His team is studying two dozen proposals for more debates, but he has said he won't participate unless Conservative Prime Minister Stephen Harper takes part along with the other main party leaders.
"I have every intention of taking part in other debates," Mulcair said Friday in Peterborough, Ont.
"But it goes without saying that since Stephen Harper is the person I'm looking to defeat and replace I'll take part in debates where he's present. Otherwise it wouldn't make much sense, would it?"
Mulcair urged Harper to agree to the traditional televised debate organized by a consortium of broadcasters – something the prime minister has rejected.
"We're more than willing to work and take part in the consortium debate, but we're also expecting Stephen Harper to say the same thing," Mulcair said.
Mulcair, who only became leader in 2012 – after the last federal election in 2011 – said debates such as the one on Thursday contribute to democracy.
He called it a "worthwhile exercise" and said he looked forward to several more but insisted there should also be an equal number of debates in English and French.
"There are two official languages in this country and one of those languages is not more equal than the other," he said at an early-morning event in Toronto.
"As prime minister, I'm going to make sure that the reality and equality of our official languages is understood, and I have to start sending a clear signal now."
The only leaders' debate confirmed so far in French is scheduled for Oct. 2.
Bloc Quebecois Leader Gilles Duceppe told The Canadian Press that Thursday's debate was disrespectful to Quebecers since the other leaders debated the terms of a hypothetical referendum in the absence of the only separatist leader of a federal party.

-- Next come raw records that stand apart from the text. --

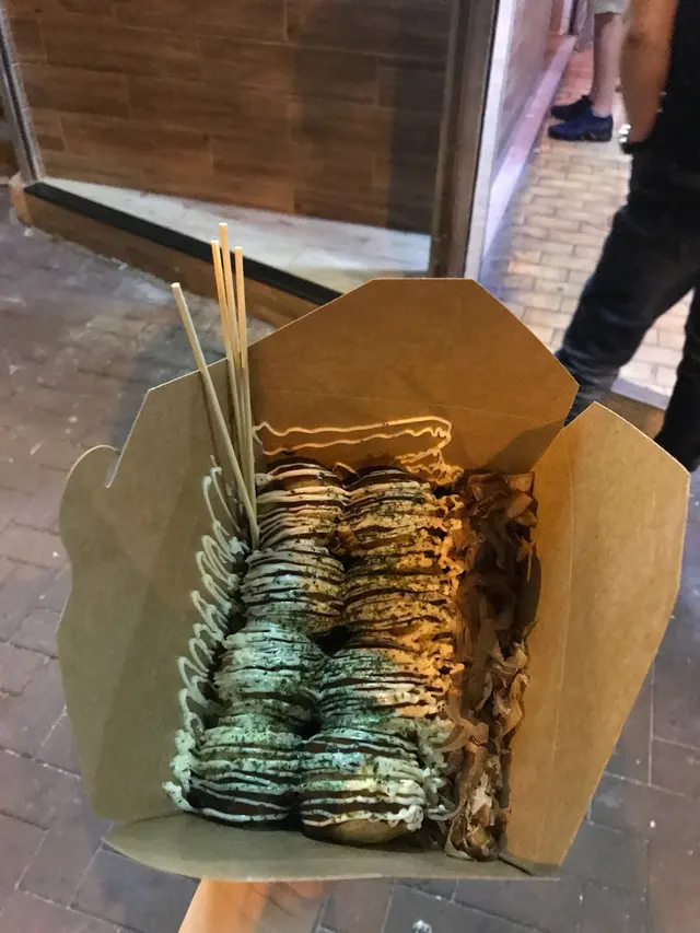 本身好少機會入屯門,今次有機會去屯門,見到附近有間好出名既章魚燒,當然要去試下,但估唔到買一盒章魚燒要等成45分鐘,見佢咁受歡迎等一次半次都無妨。係周圍行到腳斷先過左一陣,雖然係即叫即燒,但一個小食類既食物要等咁長時間真係有啲扣分,唔等都等左一段時間,點都頂埋去。終於都等到,可以食得,外型都幾吸引,仲有好多木魚絲。一試之後,發覺無想像中咁好食,中間只係得一粒章魚無其他野,雖然章魚燒個心軟綿綿,但外皮唔夠脆,而且沙律醬同燒汁可以再多少少,因為覺得唔係幾夠味。只可以講同日本食到既章魚燒好似,但唔係我食過最好食既章魚燒。…查看更多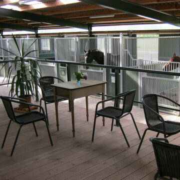 Neue Stallanlage mit hellen,großzügigen Boxen ,wahlweise mit oder ohne Paddock.Die Boxen werden täglich entmistet.Regelmäßiger Weidegang in einer Gruppe oder einzeln.Individuelle Betreuung und Pflege jedes einzelnen Pferdes. Es steht eine 20*40er Reithalle ,ein großer Roundpan und ein weitläufiges Gelände zum Training zur Verfügung.Des Weiteren gibt es eine Waschbox und ein Solarium. Ein Trainer für Dressur und ein Trainer für Western kommen nach Absprache auf die Anlage .Reitunterricht für Kinder und Jugendliche, Anfänger und Fortgeschrittene auf gut ausgebildeten Westernpferden ist möglich. Unsere Haltung ist besonders für Stauballergieker und Kopper geeignet. Der Betrieb ist von der FN mit vier Sternen ausgezeichnet.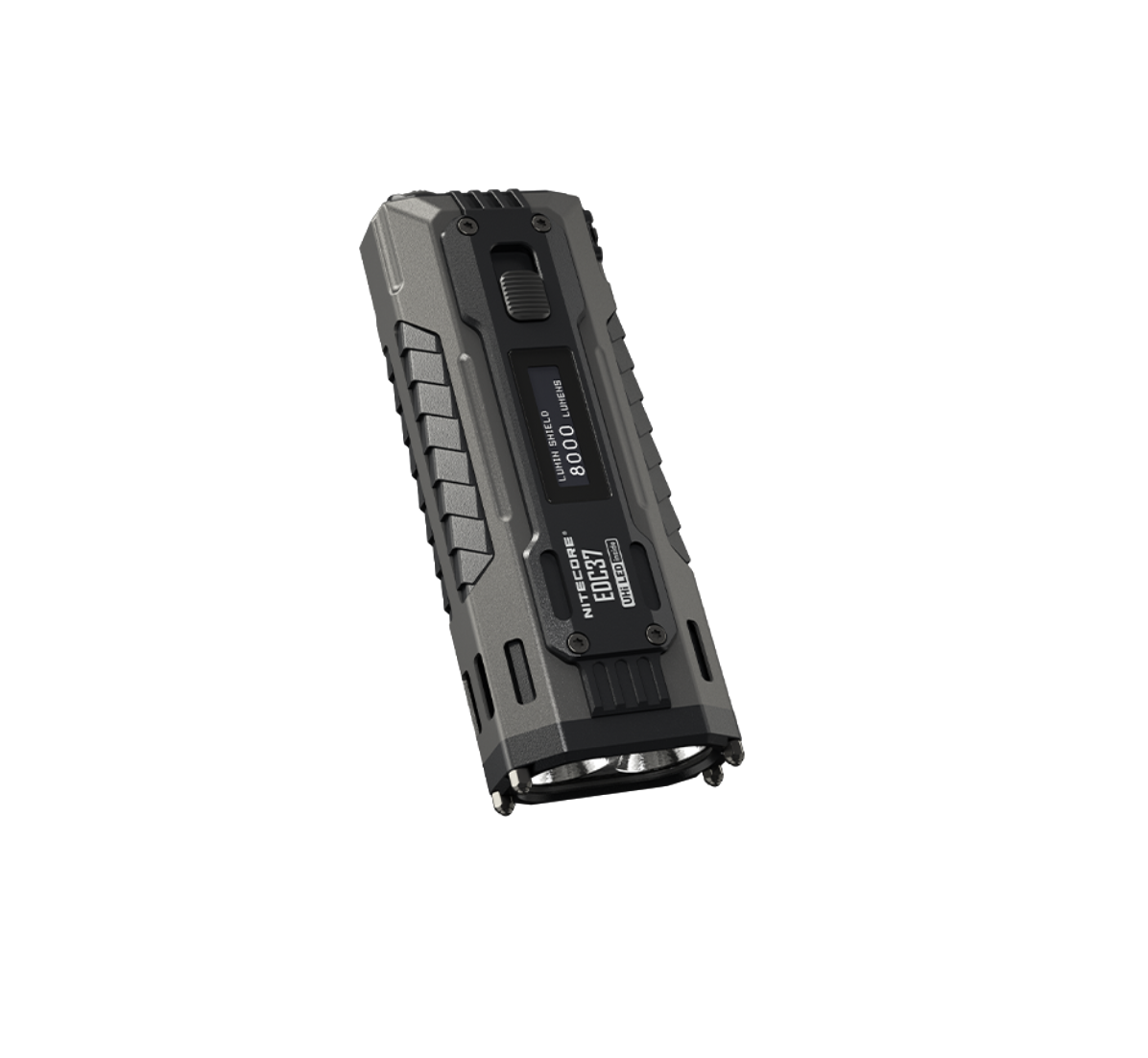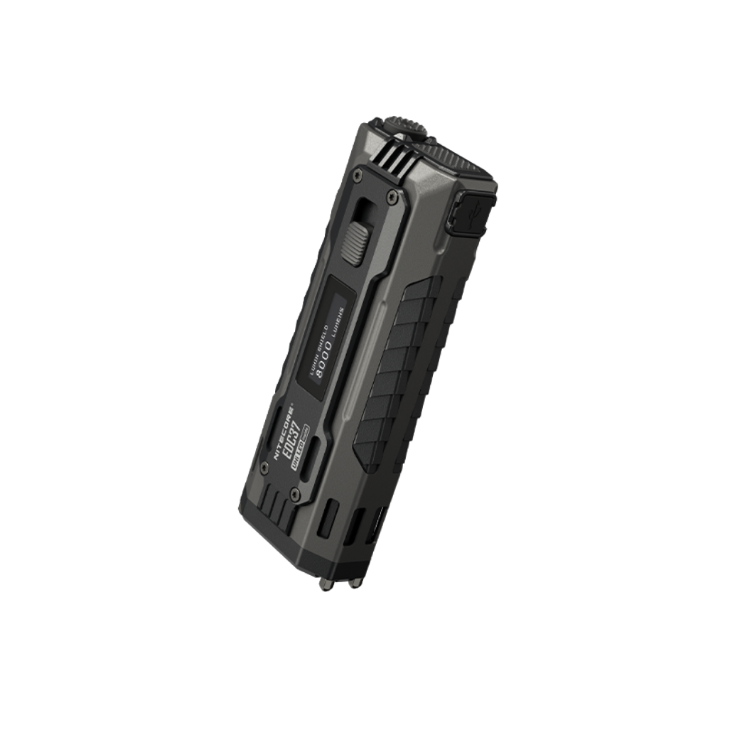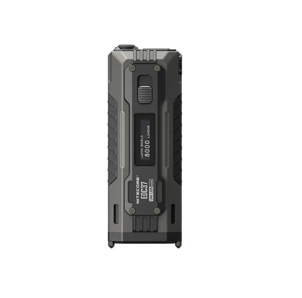 Alimentado por la batería de alta capacidad de 8.000 mAh, el EDC37 utiliza 2 LED UHi 20 MAX para producir un escudo de lúmenes y estroboscópico de 8000 lúmenes, así como el alcance de 420 metros, asegurando un control completo y preciso en cualquier situación.

Mulcair wouldn't respond directly to Duceppe's remarks but said that's why everyone – to the extent possible – should be included in each debate.
Speaking in Peterborough, the New Democrat couldn't resist a dig at the central Ontario city's former Conservative MP Dean Del Mastro, who was convicted of cheating on his campaign expenses in the 2008 election.

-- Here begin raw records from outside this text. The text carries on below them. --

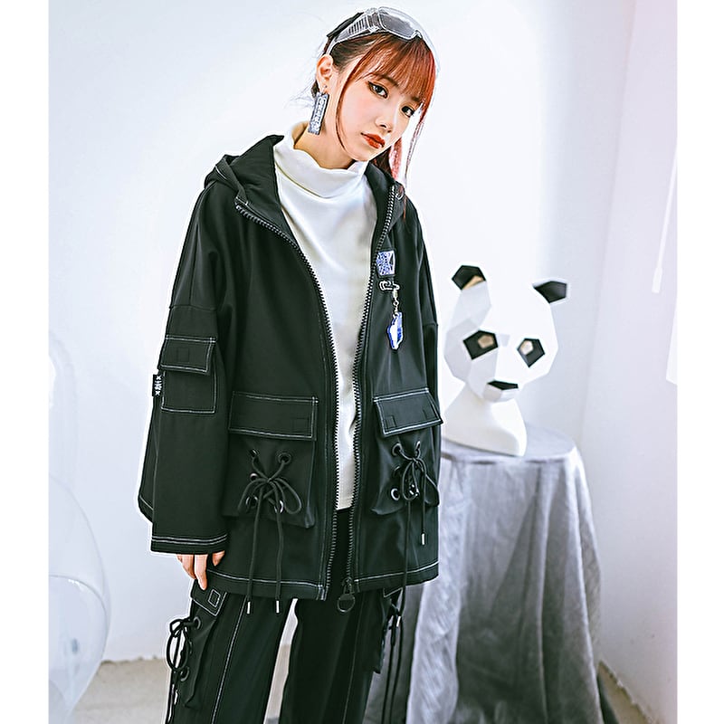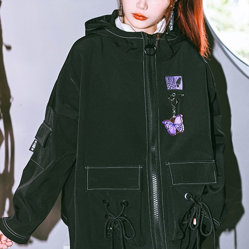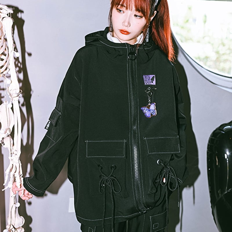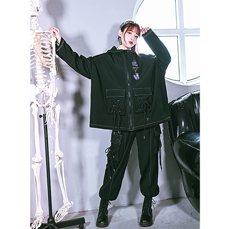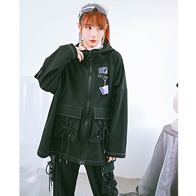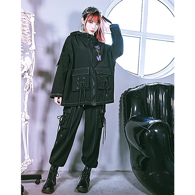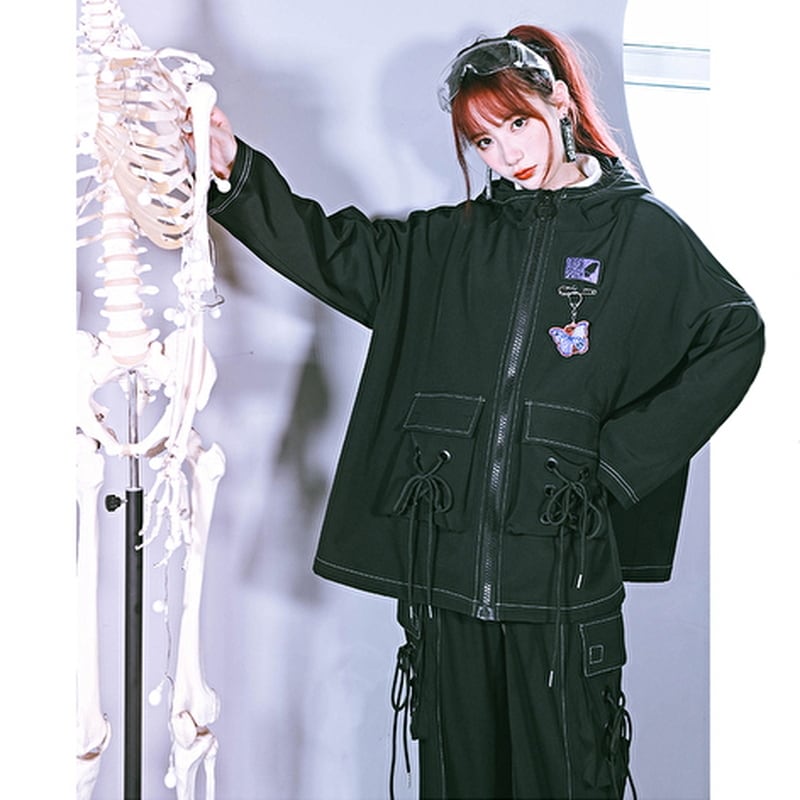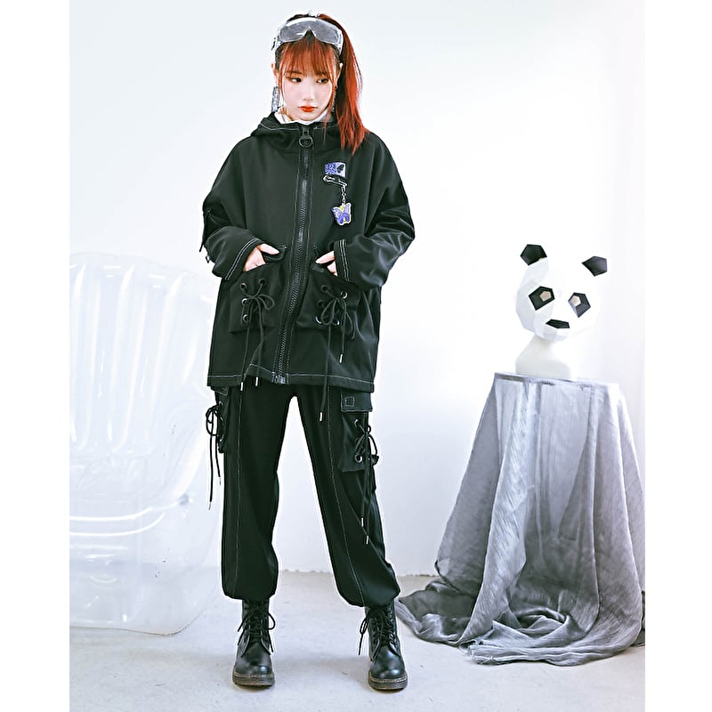 クールなストリート系デザイン、ポケットのbutterflyに編み上げがおしゃれ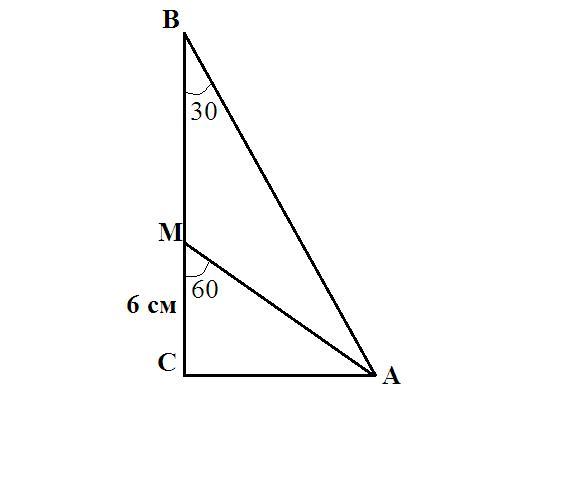 В треугольнике АВС известно, что ∠С=90°, ∠В=30° . На катете ВС отметили точку М такую, что ∠АМС=60°.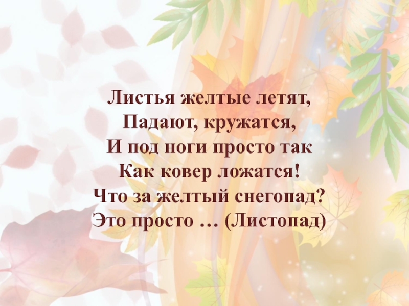 Листья желтые летят, Падают, кружатся, И под ноги просто так Как ковер ложатся! Что за желтый снегопад?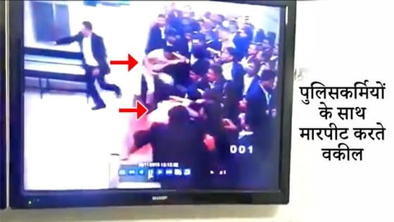 कोर्ट में पुलिसवालों को चोरों की तरह लात-घूसों से पीटते दिखे वकील, वीडियो हुआ वायरल

"The Conservative track record in this region with their past performance is something that makes people here really, strongly, desire change for the better," Mulcair said, to laughter from the crowd.
Mulcair's final condition for further debates – he said the parties have received about 25 proposals to date – was that the organizers be non-partisan.
"That should go without saying," he said, "But sometimes what goes without saying goes even better when you say it."
The NDP leader, who polls suggest is the front-runner for the Oct. 19 vote, said he accomplished what he set out to do in Thursday's debate.
The goal, he said, was to speak directly to Canadians and show them that Harper's economic plan has failed.
"Mr. Harper finally admitted it: We are in a second recession," Mulcair said.
"It was my first debate and I quite enjoyed the experience and I'm looking forward to more."